"Gilets jaunes" : pour Emmanuel Macron, la colère n'est pas "derrière nous"

"Gilets jaunes" : pour Emmanuel Macron, la colère n'est pas "derrière nous"
Emmanuel Macron à Bormes-les-Mimosas (Var), le 28 juillet 2019.

Orange avec AFP-Services, publié le dimanche 28 juillet 2019 à 07h50

Le président de la République s'est octroyé un bain de foule samedi à Bormes-les-Mimosas. Face à la presse, il est revenu sur le mouvement des "gilets jaunes" qui a secoué le pays cette année. 

La crise des "gilets jaunes" est-elle derrière lui ? Emmanuel Macron n'y croit pas du tout.

"Je ne crois pas du tout que ce qui à un moment créé la colère sincère d'une partie de la population soit derrière nous", a déclaré le chef de l'État lors d'un échange avec la presse à Bormes-les-Mimosas samedi 27 juillet. Pour rappel, le fort de Brégançon où séjourne Brigitte et Emmanuel Macron pour les vacances est situé sur cette commune du Var. 



"Il y a des problèmes profonds dans notre pays qui sont liés à l'injustice, aux difficultés économiques qu'on connaît depuis très longtemps, parfois aux doutes qui existent, aux défis qu'on a devant nous, liés au vieillissement, au numérique, à l'écologie et je pense que ceci crée des peurs. Parfois ces peurs sont exploitées. Nous notre défi, c'est d'y répondre. Je ne crois pas du tout que ce qui a à un moment créé la colère sincère d'une partie de la population soit derrière nous", a déclaré le président.  

Agir "à la rentrée" 

"Je pense qu'il y a une partie à laquelle nous avons su répondre, il y a une partie à laquelle nous n'avons pas encore répondu parce que ça prend du temps. Il y a aussi une colère à laquelle il n'y a pas forcément de réponse immédiate. Je continue à être à la tâche et vigilant parce que je ne pense pas du tout que ce soit dernière nous. Je pense qu'il faut continuer à agir concrètement pour nos concitoyens à la rentrée, et à redonner du sens à l'action, parce qu'il faut, non pas chercher à éteindre les peurs mais à redonner une perspective", a-t-il poursuivi. Une tâche que le président dit aborder "avec beaucoup de détermination et d'humilité".


Egalement interrogé sur la démission de François de Rugy, Emmanuel Macron a mis en garde contre "les tweets, les polémiques, les invectives qui montent" et "parfois nous conduisent à agir et à surréagir", prônant "la modération".

Des vacances studieuses  

Depuis jeudi, le président et son épouse se reposent au fort de Brégançon, où ils doivent recevoir le 19 août Vladimir Poutine, a annoncé Emmanuel Macron.

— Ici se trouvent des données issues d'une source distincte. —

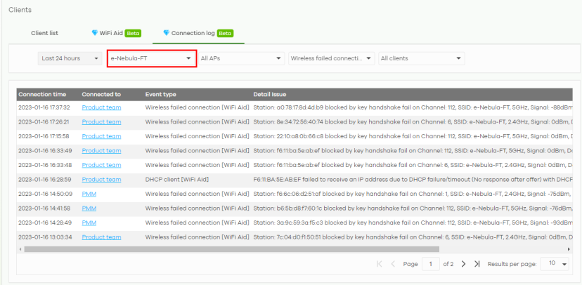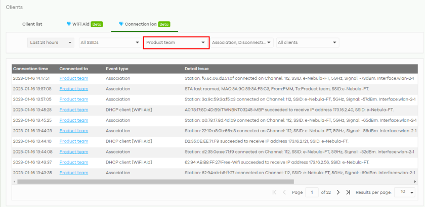 Connection log screen appears showing all related event logs between a specific AP (for example, Product team) and its WiFi clients. See

Après un aller-retour en Tunisie samedi pour les funérailles du président tunisien Béji Caïd Essebsi, il est allé au contact de la foule à Bormes-les-Mimosas, posant pour des selfies avec des badauds.

Le fort de Brégançon, où il avait déjà passé ses congés d'été en 2018, et le weekend de l'Ascension en 2019, est "un lieu qui fait partie de l'histoire de notre pays, nous y sommes attachés, moi j'y suis attaché", a confié le président.